Chief Marketer: How should B2B marketers be thinking about using specific event types at different stages of the buyer journey?
Forrester Principal Analyst Conrad Mills: We go out to around a thousand business-to-business buyers globally and ask them what type of marketing interactions have been most impactful at the different stages of the buyer’s journey. As they’re going through a purchase process, at the start they’re looking to educate themselves. Then they’re looking at possible solutions. And then there’s the selection stage, and we can see where they’re different.
The buyers that we survey are asked to choose from around 40 different interactions, a number of which are event interactions. We can see that the different event types play much more strongly at different stages of the buyer’s journey. So that is one of the starting points. Think about the audience that you are targeting, where they are in their buyer’s journey, and what type of event interaction is best going to help them think about the objectives that you set for the event. And then, determine the event type.
CM: The study showed that marketers still face challenges with implementing event technology. What effect is this having on the marketing industry?
Mills: Around half of the people we surveyed had still not integrated their marketing event technology with a wider marketing ecosystem. The data also showed that one of the key benefits of virtual events has been the ability to capture data and insights, but unless you’re able to move that quickly and seamlessly from your event tech platform into your map and your CRM, it’s not delivering the value to your organization that it could.
You need to be using technology in a way that facilitates the attendee experience. You can’t just be throwing technology at an event for the sake of it. You need to think very carefully about the experience that you want to craft.
CM: What are some of the new trends you’re seeing in events?
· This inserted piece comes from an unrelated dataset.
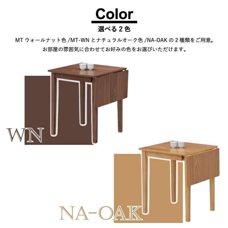 ダイニングテーブル 幅90/60×60cm 選べるカラー バタフライ 片バタ 伸縮式 伸張 mt90bata-360 MTウォールナット色/MT-WN ナチュラルオーク色/NA-OAK 1人用 2人用 机 コンパクト スリム 北欧 食卓 おしゃれ モダン かわいい シンプル カフェ 木製 単品 2s-1k-180 hg

Mills: There is greater regional-level decision-making authority around events at the moment. Because of the different waves of COVID, where they’ve been hitting at different points in time, organizations generally are giving greater local-level autonomy to make decisions around events than they did pre-pandemic. And we’re seeing different types of events now as well, smaller, locally-driven roadshow-type events. There’s been a change in the actual event type and connected to that, more regional decision-making authority.
One of the big trends and themes for me—and I’ve just done some new primary research on this and the findings will be coming out in the next few weeks—is the whole area of environmental sustainability. It’s been there for a while, but we’re seeing, not just within the event space, but across the board, that it’s come back as a really strong theme this year. There’s some separate Forrester data where we found that 63 percent of professionals had identified improving environmental sustainability as a high or critical business priority for their organizations. And in the enterprise marketing event survey that I did last year, just over a third of the people that responded to that actually called out the low carbon footprint as a key benefit of virtual events.
But I think organizations need to think about it at two levels. Firstly, at the event selection level. So, building a mix that incorporates virtual, hybrid and in-person, because the footprint of virtual and hybrid is lower than in-person. But as in-person comes back, it’s about paying much more attention to environmental sustainability. There is legislation coming in Europe and North America as well around environmental reporting in 2023, and things like that could have an impact. It’s not new, but I’m seeing it as a much stronger theme this year. In general, organizations are paying much more attention to it, and I think that will have an increasing impact on the event space for the next 12 to 18 months.